■ GOAL OF THE EXERCISE
In this exercise, print only the lines of the records below from the one with "Skyline von Chicago, Format: 70x70" through the one with "HERMES Herbag Zip", inclusive. Pictures are not part of the copy.

■ RAW DATA
[Start of Attachment]
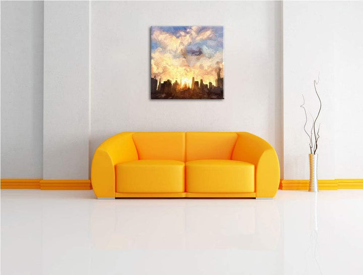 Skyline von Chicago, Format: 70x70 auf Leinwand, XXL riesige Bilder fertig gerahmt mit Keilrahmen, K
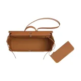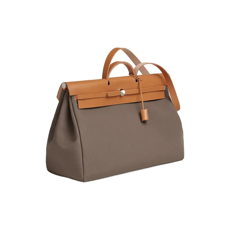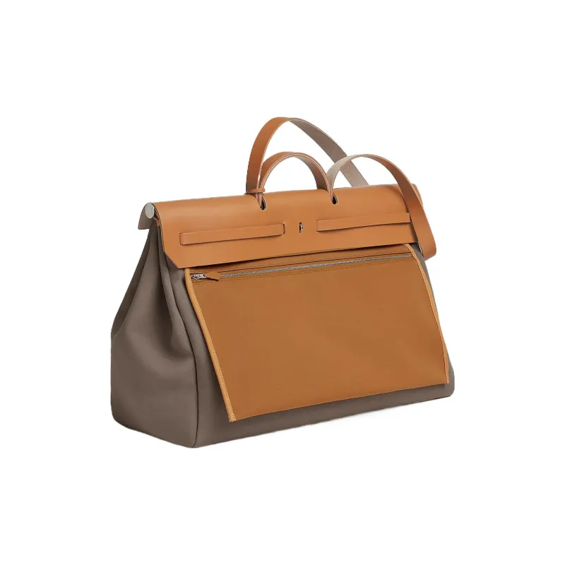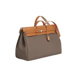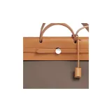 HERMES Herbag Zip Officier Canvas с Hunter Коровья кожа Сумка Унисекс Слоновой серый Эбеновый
[End of Attachment]
[Start of Attachment]
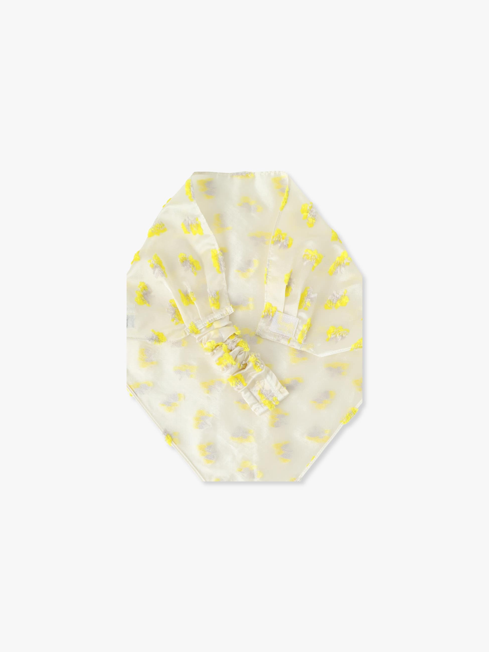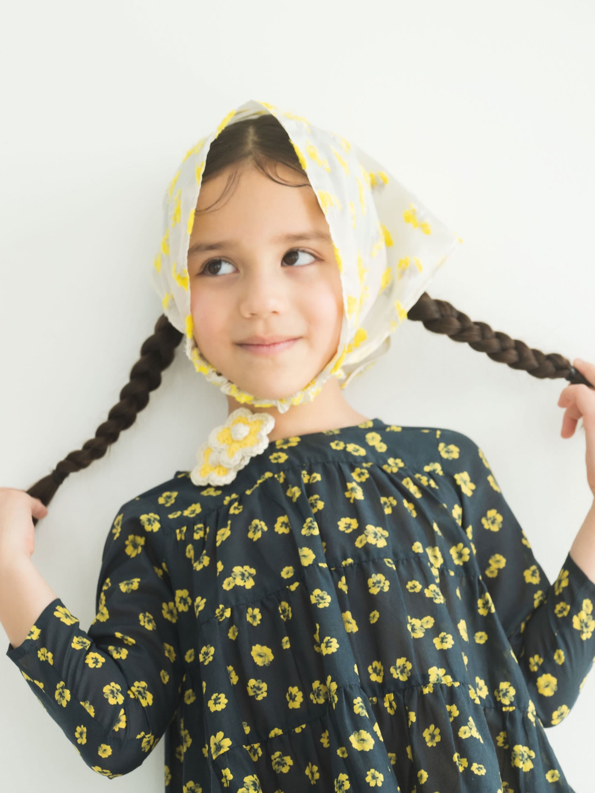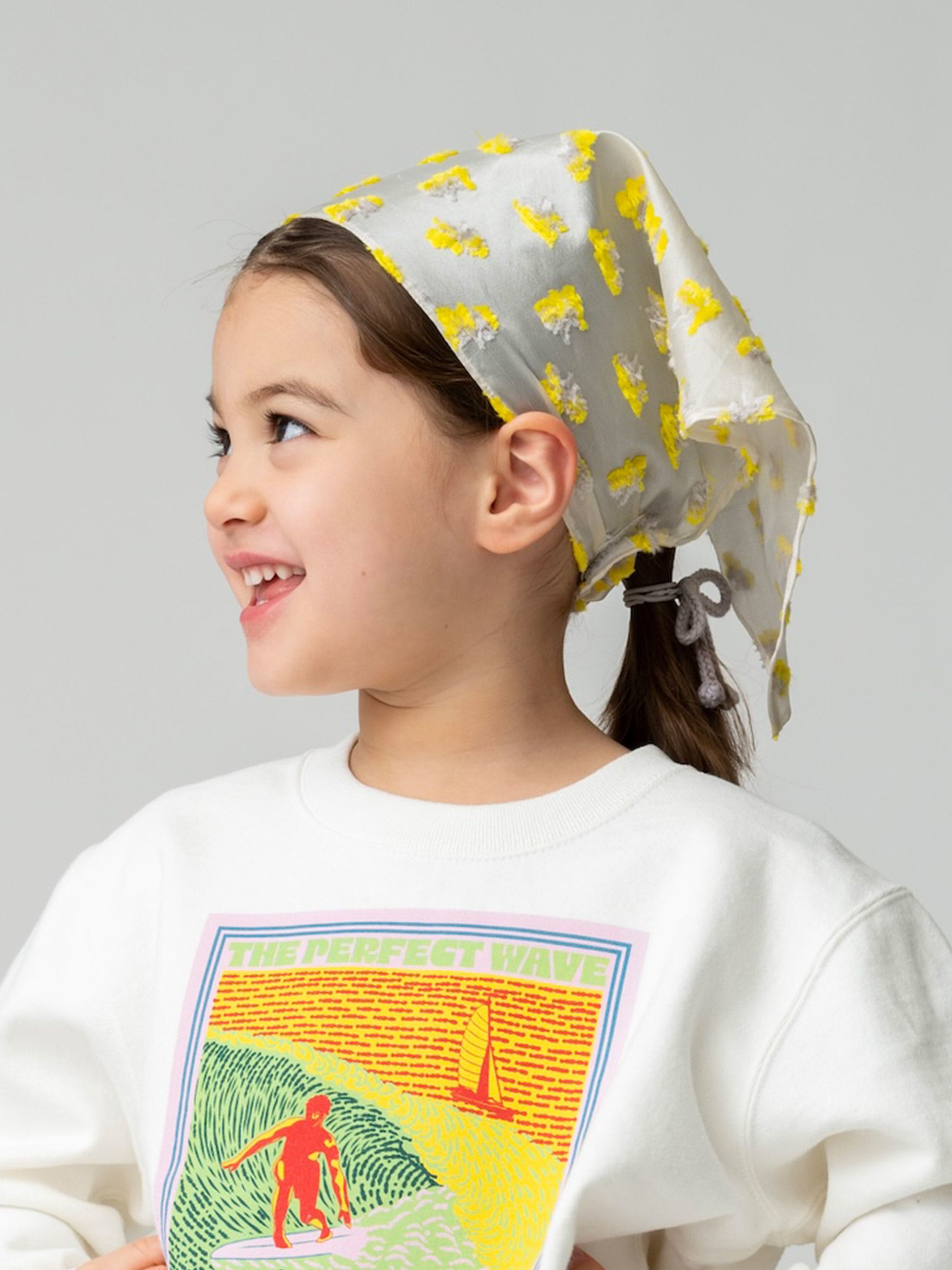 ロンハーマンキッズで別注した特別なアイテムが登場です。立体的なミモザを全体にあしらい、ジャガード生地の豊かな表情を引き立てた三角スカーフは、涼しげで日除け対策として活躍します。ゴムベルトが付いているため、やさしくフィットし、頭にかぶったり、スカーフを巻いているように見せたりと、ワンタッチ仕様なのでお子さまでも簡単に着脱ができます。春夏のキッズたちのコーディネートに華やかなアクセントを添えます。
[End of Attachment]
[Start of Attachment]
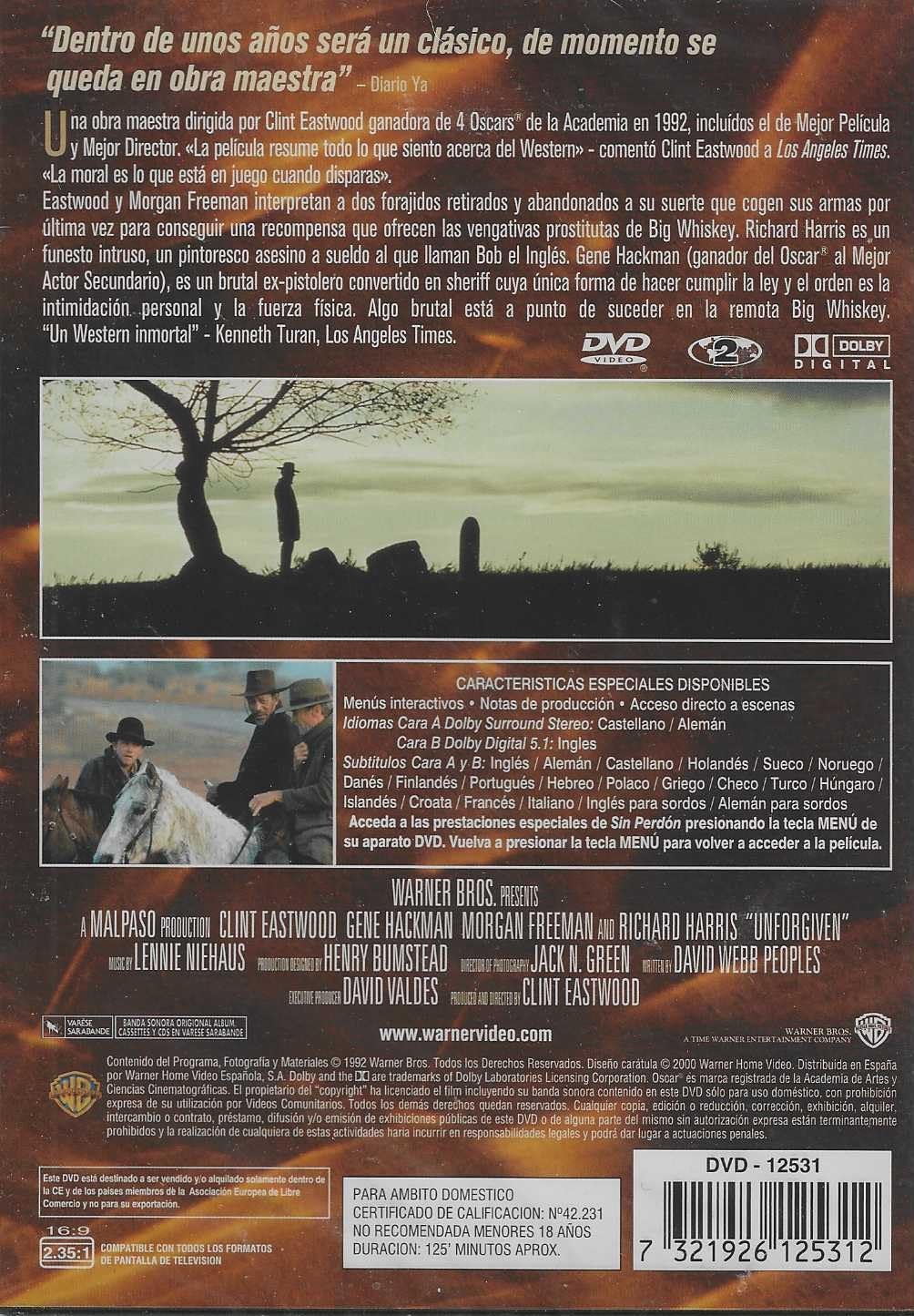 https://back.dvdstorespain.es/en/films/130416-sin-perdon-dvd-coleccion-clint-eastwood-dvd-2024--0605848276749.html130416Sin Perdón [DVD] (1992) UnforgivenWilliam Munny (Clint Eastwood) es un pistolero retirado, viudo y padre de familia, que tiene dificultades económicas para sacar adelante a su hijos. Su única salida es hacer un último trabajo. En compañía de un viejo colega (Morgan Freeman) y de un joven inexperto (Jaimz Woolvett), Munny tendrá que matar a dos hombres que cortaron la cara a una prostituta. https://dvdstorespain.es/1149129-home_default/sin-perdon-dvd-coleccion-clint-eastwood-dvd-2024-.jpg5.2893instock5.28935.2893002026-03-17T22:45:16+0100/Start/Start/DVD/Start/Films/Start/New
[End of Attachment]
■ YOUR RESPONSE
 Skyline von Chicago, Format: 70x70 auf Leinwand, XXL riesige Bilder fertig gerahmt mit Keilrahmen, K
 HERMES Herbag Zip Officier Canvas с Hunter Коровья кожа Сумка Унисекс Слоновой серый Эбеновый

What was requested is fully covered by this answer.